The cpu is terrible. I bought it to experiment with reinforcement learning,
with a model with low, but non trivial, cpu needs. Unfortunately it's so non
performant that I never was able to do anything useful with it.

The Ubuntu distribution that works with it is still being updated, but still
based on 1804. Decrepit python makes for poor ai ml experience. Poor cpu means
fresh install of some basic python packages takes overnight. Need to combine
package updates with apt, with python install with pip --user, just to get
packages working. Recent openai gym packages won't even install.

The default desktop is Ubuntu's absurd gpu/cpu toasty warmer.
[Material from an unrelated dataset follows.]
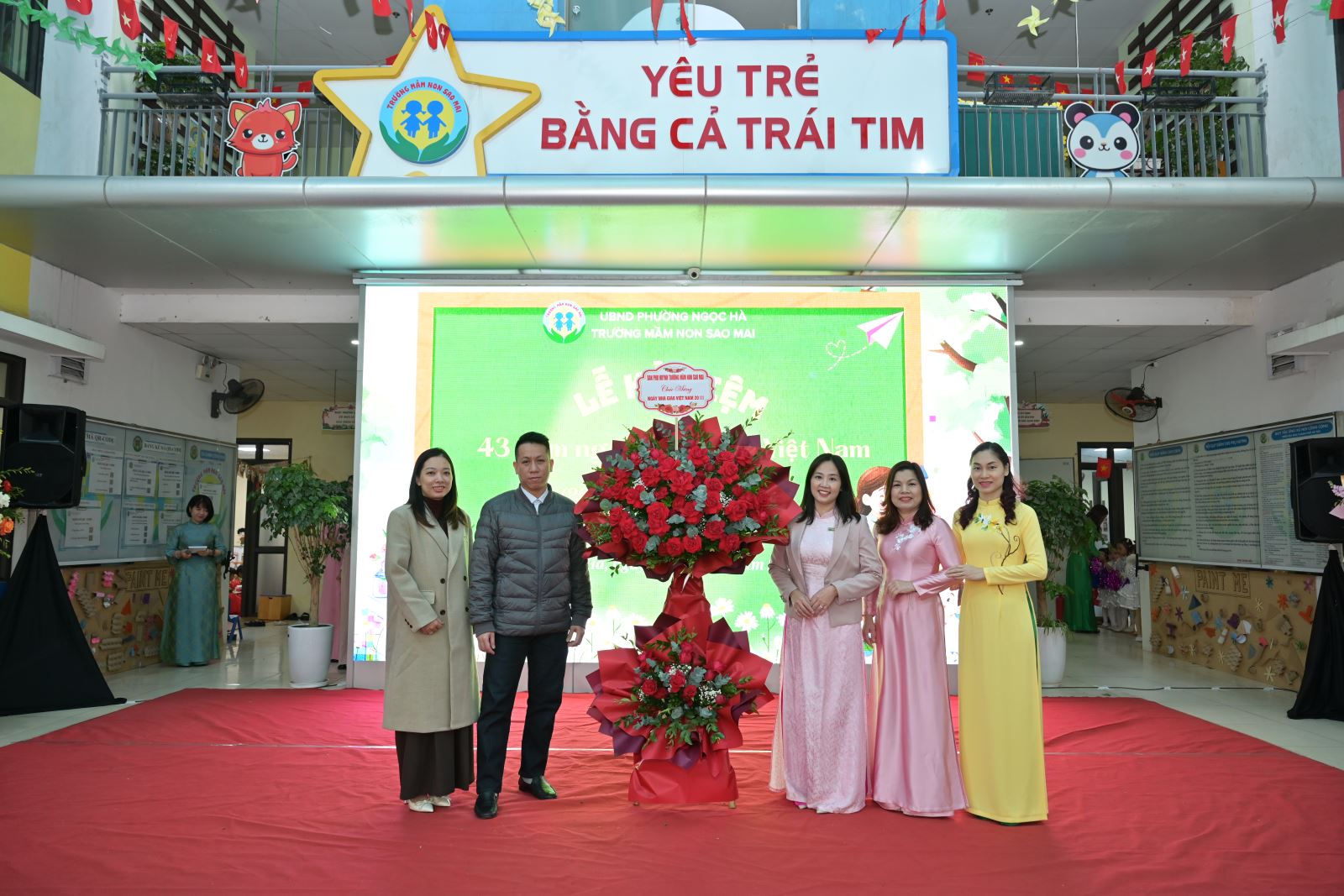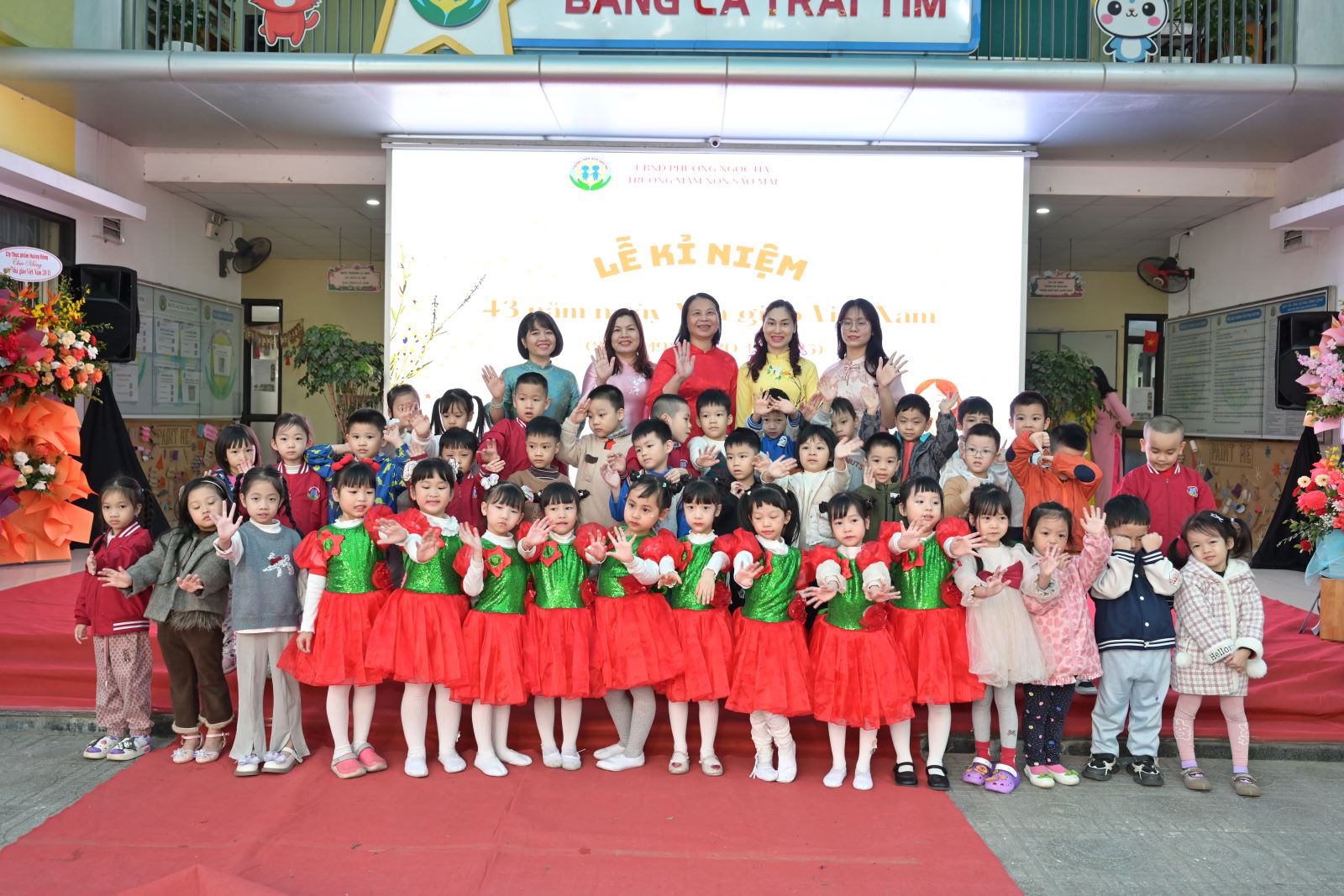 Hoà chung không khí tưng bừng, phấn khởi của ngành giáo dục cả nước kỷ niệm ngày Nhà giáo Việt Nam. Sáng ngày 20/11/20265 Trường Mầm non Sao Mai đã long trọng tổ chức “Lễ kỷ niệm 43 năm ngày Nhà giáo Việt Nam 20/11” (20/11/1982 - 20/11/2025) trong không khí vui tươi và đầy cảm xúc. Đây là hoạt động thường niên của nhà trường nhằm tôn vinh, thể hiện tình cảm biết ơn, kính trọng và truyền thống tôn sư trọng đạo đối với các thầy cô giáo đã và đang ngày đêm miệt mài chăm sóc, dạy dỗ những mầm non tương lai của Đất nước.

Even idle, the
heat sink feels like a fire hazard.

Had high hopes, ended up being a poor use of $100

------
TuringNYC
Thanks for the share. I love this! Curious where you typically get these
_cases_ for Jetsons (not just this model, but all different models.) I have
found many to be lacking, especially when attaching cameras.

This prevents me from playing with IoT ML projects, because otherwise, it
these look...scary -- a chip with a bunch of wires hanging out.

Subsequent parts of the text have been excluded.